**Activity**
Give back every line of the data exactly. Pictures are not part of the copy.
BEGIN Listed records
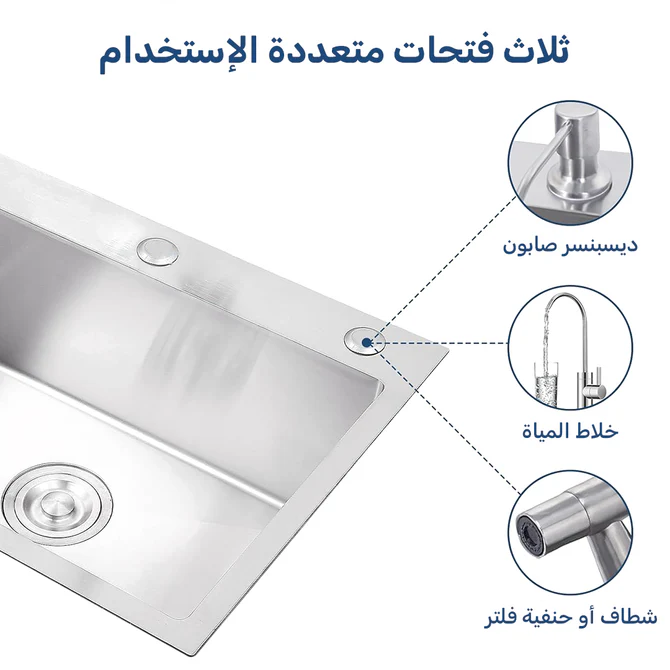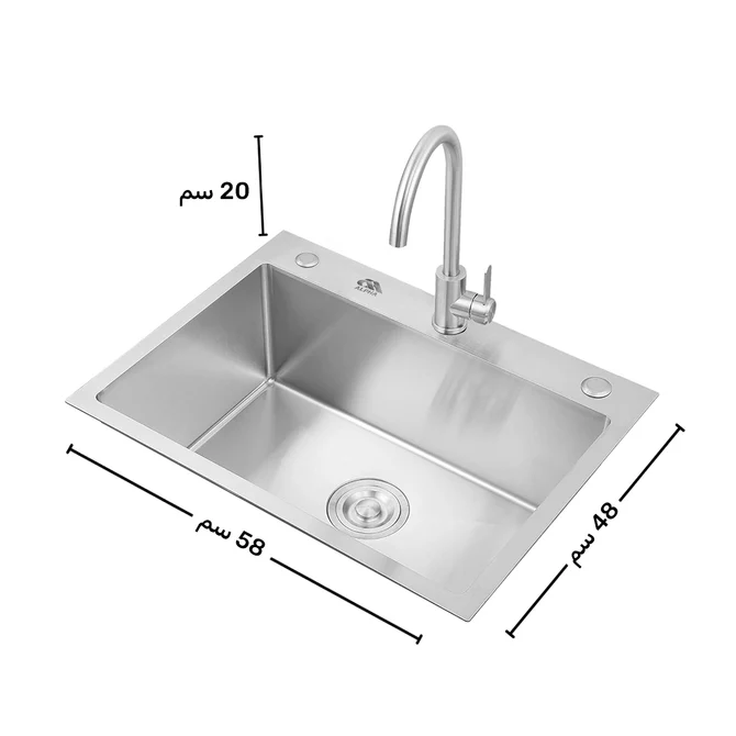 حوض مطبخ هاند 48×58سم استانلس ستيل من الفا
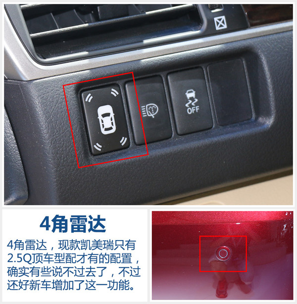 可以說新車最大的一個(gè)升級(jí)亮點(diǎn),就是增加了豐田的Smart Stop智能節(jié)油啟停系統(tǒng)。省油原本就是凱美瑞的一大特質(zhì),好比筆者的7代2.5L車型目前在平均油耗僅為9個(gè)油(北京上下班使用)。增加S&S系統(tǒng)之后,凱美瑞的油耗將進(jìn)一步下降。
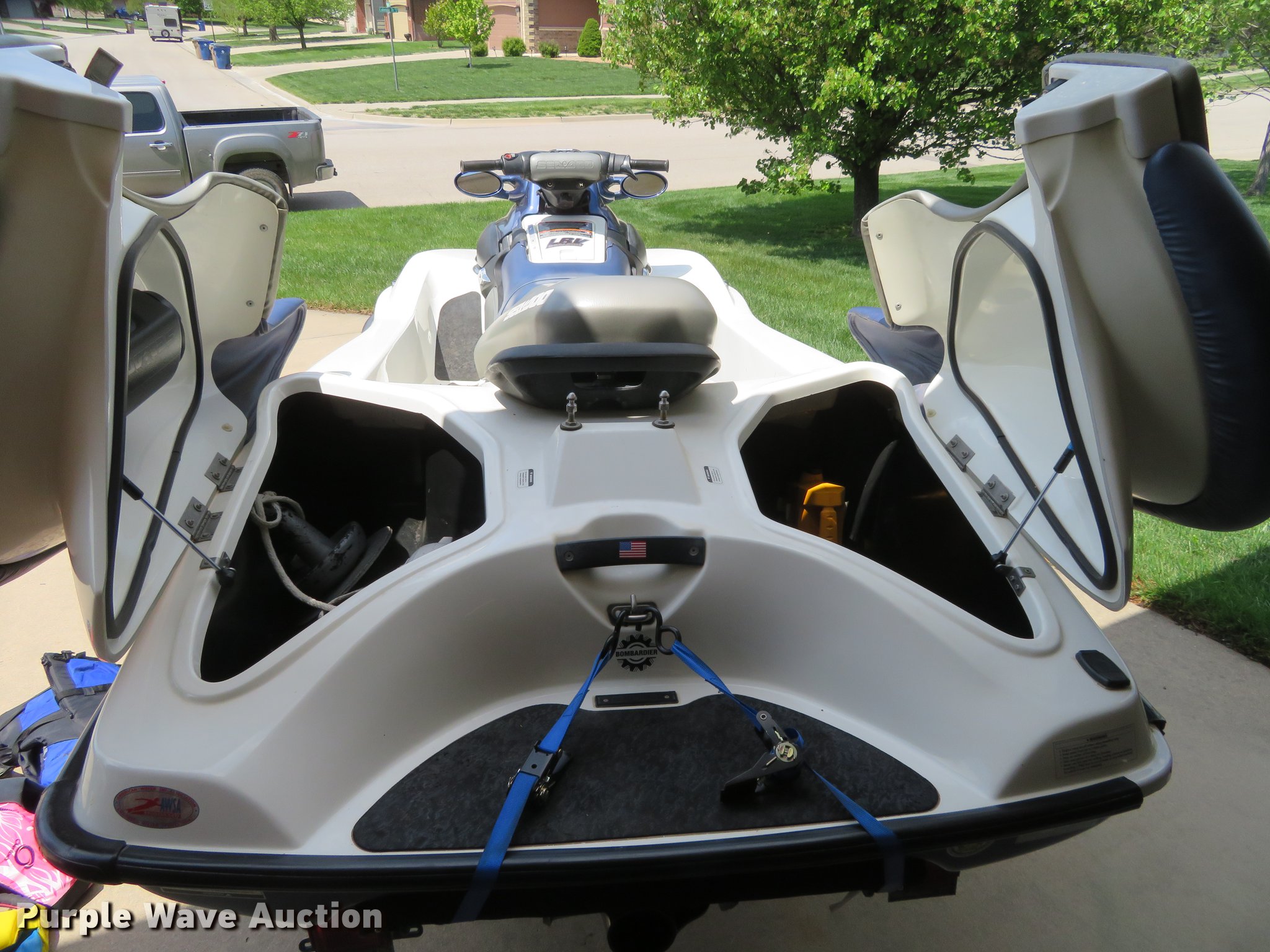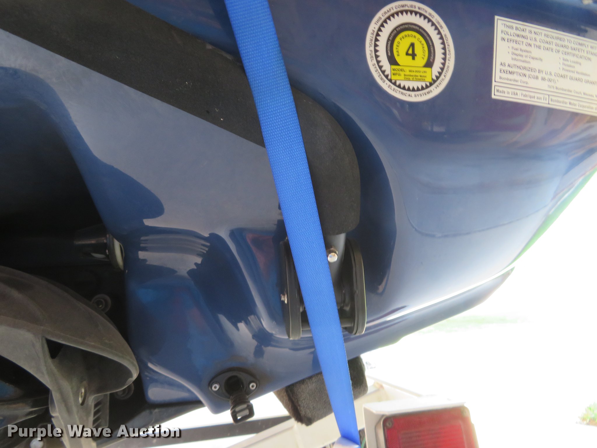 Purple Wave is selling a used Boat in Kansas. This item is a Bombardier Sea Doo LRV personal watercraft with the following: 128 hours on meter, 951cc gas engine, Forward/reverse transmission, Four person capacity, Life jackets, Cover, Hull ID CECA0225J001, Trailer, 4.80-12 tires, Battery need to be replaced
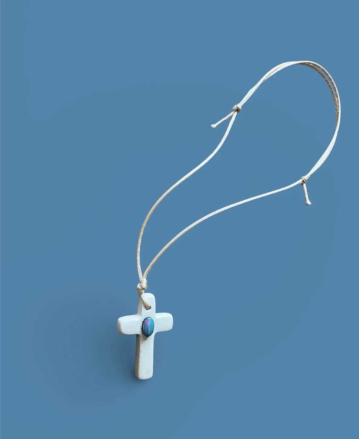 Petite croix en céramique faite à la main dans l'atelier de Dobrunia Design à Nice.
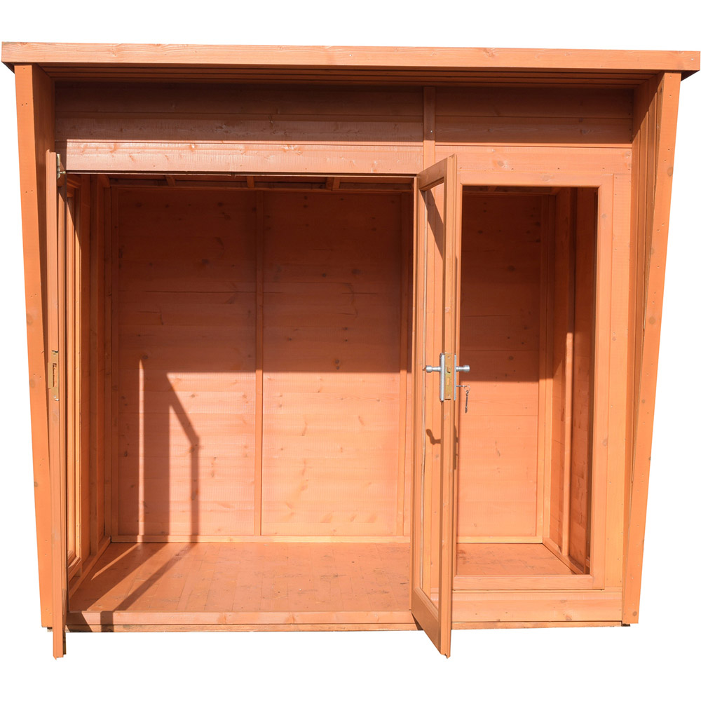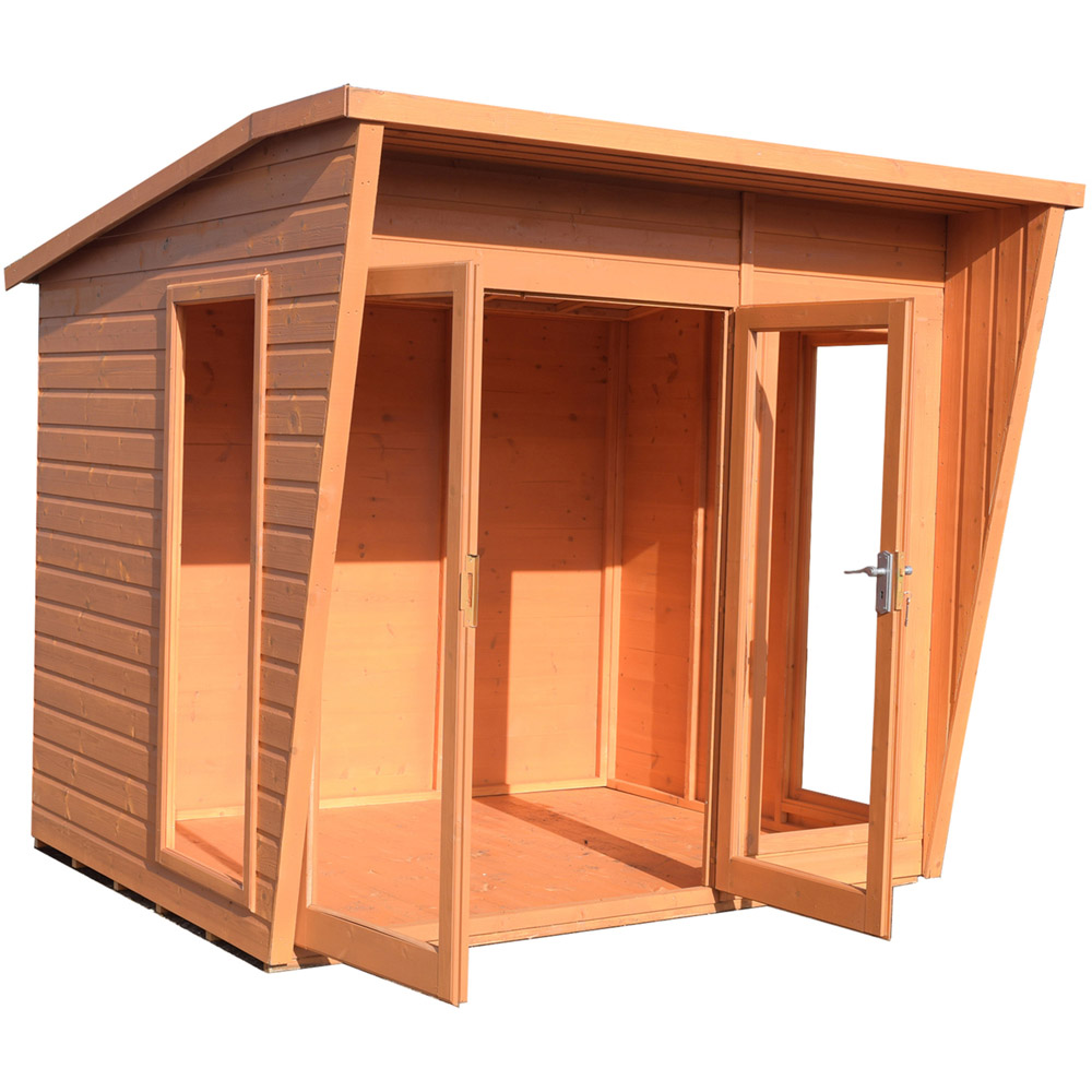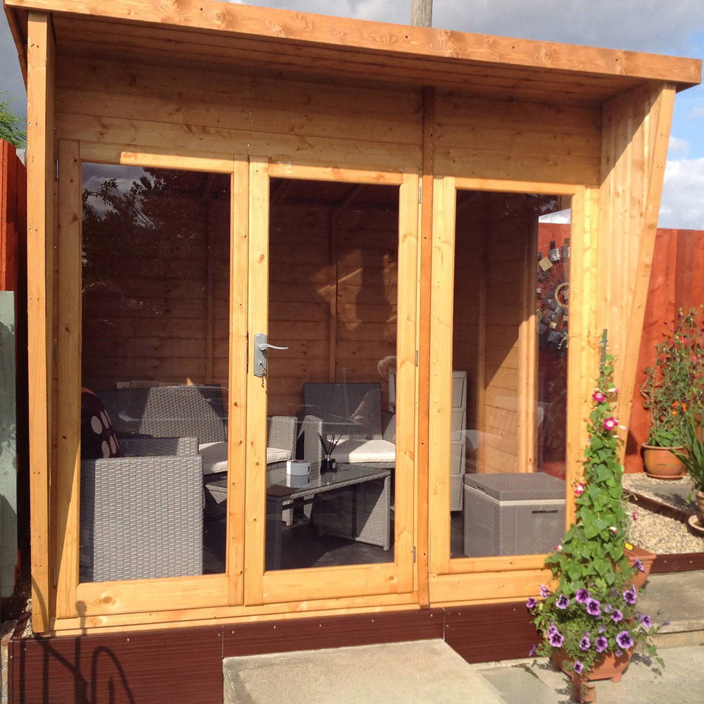 The contemporary Highclere Summerhouse is a stunning design updating the traditional summerhouse into a modern garden room. The high quality double doors open out to the front with a small canopy over and there are large side windows. The windows and doors are fitted with acrylic safety glazing and are joinery made in a storm resistant design. The doors are also fitted with a mortice lock. The building is constructed on strong 34mm square framing and clad with planed shiplap tongue and groove boards made only from the highest grade, slow grown, FSC approved, northern European pine. The roof is 12mm plywood sheet with mineral roof felt supplied to complete the exterior and the floor is T&G. Dipped base coat preservative ready for you to top coat. Note: Currently, we're unable to deliver this product to DG, TD, KA, ML, EH, G, PA, FK, KY, PH, DD, AB IV and KW areas. We regret the inconvenience and will keep you posted when it's available to order for the mentioned postcodes.
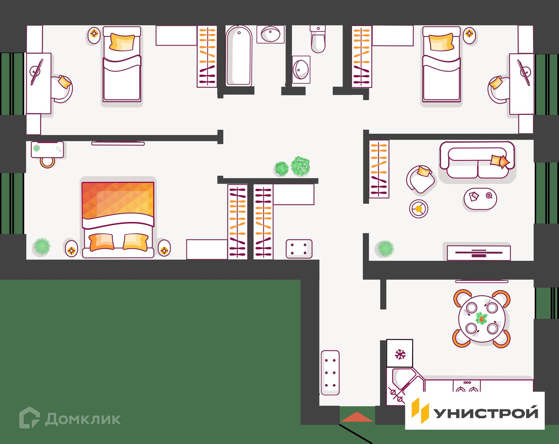 Новый дом приятно удивит вас необычной концепцией и экологичным благоустройством. Гармоничное городское пространство, стильная архитектура, двор-парк. Современная среда, закрытая от машин и доступа посторонних с фонтаном и лаунж-зоной во дворе для ценителей комфорта, удобства расположения, современных инженерных решений и высокого качества строительства от надежного застройщика «Унистрой». Новый микрорайон Жилой комплекс расположен в Автозаводском районе Тольятти. В 10 минутах езды от Южного бульвара – спортивный комплекс «Лада-Арена», торговые центры «Акварель», «Капитал», строительный магазин «Леруа Мерлен». Рядом с ЖК – остановка общественного транспорта «Ул. Полякова», откуда можно уехать в любой район города, поликлиника №3. В Южном бульваре расположен детский сад №116, рядом – гимназия №77. На территории комплекса ведется проектирование второго детского сада и дополнительных двух внутриквартальных дорог, которые позволят выехать на Южное шоссе и быстро добраться до любой точки города, загород в выходные. Двор-парк Новый дом, как и весь проект ЖК, будет реализован в сегменте комфорт-класса, но наделен принципиально новыми для города особенностями. Новинкой дома станет уютный двор-парк. Пространство будет закрыто от машин и доступа посторонних. Зайти на территорию смогут только жители и их гости. Двор будет оборудован охраной и видеонаблюдением. Вы сможете с экрана телефона наблюдать, как играют ваши дети во дворе. Для приватного отдыха, работы на свежем воздухе и встреч с друзьями будет лаунж-зона с фонтаном и разнообразным озеленением. Для прогулок с детьми – экологичные игровые пространства с использованием дерева, гальки, щепы, песка. Стильный дом Мы спроектировали входы в подъезды и двор без пандусов и ступеней, чтобы вам было удобно гулять с коляской. Привычное пространство первых этажей будет наполнено новыми стилевыми решениями. На первых этажах каждого подъезда мы установили колясочные комнаты с велопаркингом. Санки, велосипеды, коляски не будут занимать место в вашей квартире. В доме будут установлены бесшумные лифты и удобная навигация. Террасы, теплые лоджии, евродвушки В новом доме представлено большое разнообразие планировочных решений. Эксклюзивный формат квартир с террасами во дворах позволит создать уютное место для летних завтраков. Для удобства в солнечные и дождливые дни предусмотрены теневые навесы – маркизы. Балконы в новом доме заменили теплые лоджии, которые делают помещение полезным и позволяют его использовать круглый год. Теплые лоджии освобождают вас от необходимости утепления помещения и установки дополнительных отопительных приборов. На теплой лоджии можно оборудовать небольшой спортзал, рабочий кабинет или зону отдыха. Также в доме есть студии, 1-комнатные, евродвушки, 2- и 3-комнатные квартиры. Современные решения Все квартиры будут сдаваться в качественной предчистовой отделке. Горизонтальная разводка отопления (трубы спрятаны в полу) позволит воплотить все дизайнерские решения. Показания приборов учета воды, электричества тепла будут автоматически подаваться в Сервисную компанию. Решение удобно еще и тем, что 24/7 ведется мониторинг расхода всех ресурсов. И в случае чрезмерного расхода, к примеру, воды, специалисты смогут перекрыть ее без доступа в квартиру, в общем
END Listed records
**Result for this task**
 حوض مطبخ هاند 48×58سم استانلس ستيل من الفا
 可以說新車最大的一個(gè)升級(jí)亮點(diǎn),就是增加了豐田的Smart Stop智能節(jié)油啟停系統(tǒng)。省油原本就是凱美瑞的一大特質(zhì),好比筆者的7代2.5L車型目前在平均油耗僅為9個(gè)油(北京上下班使用)。增加S&S系統(tǒng)之后,凱美瑞的油耗將進(jìn)一步下降。
 Purple Wave is selling a used Boat in Kansas. This item is a Bombardier Sea Doo LRV personal watercraft with the following: 128 hours on meter, 951cc gas engine, Forward/reverse transmission, Four person capacity, Life jackets, Cover, Hull ID CECA0225J001, Trailer, 4.80-12 tires, Battery need to be replaced
 Petite croix en céramique faite à la main dans l'atelier de Dobrunia Design à Nice.
 The contemporary Highclere Summerhouse is a stunning design updating the traditional summerhouse into a modern garden room. The high quality double doors open out to the front with a small canopy over and there are large side windows. The windows and doors are fitted with acrylic safety glazing and are joinery made in a storm resistant design. The doors are also fitted with a mortice lock. The building is constructed on strong 34mm square framing and clad with planed shiplap tongue and groove boards made only from the highest grade, slow grown, FSC approved, northern European pine. The roof is 12mm plywood sheet with mineral roof felt supplied to complete the exterior and the floor is T&G. Dipped base coat preservative ready for you to top coat. Note: Currently, we're unable to deliver this product to DG, TD, KA, ML, EH, G, PA, FK, KY, PH, DD, AB IV and KW areas. We regret the inconvenience and will keep you posted when it's available to order for the mentioned postcodes.
 Новый дом приятно удивит вас необычной концепцией и экологичным благоустройством. Гармоничное городское пространство, стильная архитектура, двор-парк. Современная среда, закрытая от машин и доступа посторонних с фонтаном и лаунж-зоной во дворе для ценителей комфорта, удобства расположения, современных инженерных решений и высокого качества строительства от надежного застройщика «Унистрой». Новый микрорайон Жилой комплекс расположен в Автозаводском районе Тольятти. В 10 минутах езды от Южного бульвара – спортивный комплекс «Лада-Арена», торговые центры «Акварель», «Капитал», строительный магазин «Леруа Мерлен». Рядом с ЖК – остановка общественного транспорта «Ул. Полякова», откуда можно уехать в любой район города, поликлиника №3. В Южном бульваре расположен детский сад №116, рядом – гимназия №77. На территории комплекса ведется проектирование второго детского сада и дополнительных двух внутриквартальных дорог, которые позволят выехать на Южное шоссе и быстро добраться до любой точки города, загород в выходные. Двор-парк Новый дом, как и весь проект ЖК, будет реализован в сегменте комфорт-класса, но наделен принципиально новыми для города особенностями. Новинкой дома станет уютный двор-парк. Пространство будет закрыто от машин и доступа посторонних. Зайти на территорию смогут только жители и их гости. Двор будет оборудован охраной и видеонаблюдением. Вы сможете с экрана телефона наблюдать, как играют ваши дети во дворе. Для приватного отдыха, работы на свежем воздухе и встреч с друзьями будет лаунж-зона с фонтаном и разнообразным озеленением. Для прогулок с детьми – экологичные игровые пространства с использованием дерева, гальки, щепы, песка. Стильный дом Мы спроектировали входы в подъезды и двор без пандусов и ступеней, чтобы вам было удобно гулять с коляской. Привычное пространство первых этажей будет наполнено новыми стилевыми решениями. На первых этажах каждого подъезда мы установили колясочные комнаты с велопаркингом. Санки, велосипеды, коляски не будут занимать место в вашей квартире. В доме будут установлены бесшумные лифты и удобная навигация. Террасы, теплые лоджии, евродвушки В новом доме представлено большое разнообразие планировочных решений. Эксклюзивный формат квартир с террасами во дворах позволит создать уютное место для летних завтраков. Для удобства в солнечные и дождливые дни предусмотрены теневые навесы – маркизы. Балконы в новом доме заменили теплые лоджии, которые делают помещение полезным и позволяют его использовать круглый год. Теплые лоджии освобождают вас от необходимости утепления помещения и установки дополнительных отопительных приборов. На теплой лоджии можно оборудовать небольшой спортзал, рабочий кабинет или зону отдыха. Также в доме есть студии, 1-комнатные, евродвушки, 2- и 3-комнатные квартиры. Современные решения Все квартиры будут сдаваться в качественной предчистовой отделке. Горизонтальная разводка отопления (трубы спрятаны в полу) позволит воплотить все дизайнерские решения. Показания приборов учета воды, электричества тепла будут автоматически подаваться в Сервисную компанию. Решение удобно еще и тем, что 24/7 ведется мониторинг расхода всех ресурсов. И в случае чрезмерного расхода, к примеру, воды, специалисты смогут перекрыть ее без доступа в квартиру, в общем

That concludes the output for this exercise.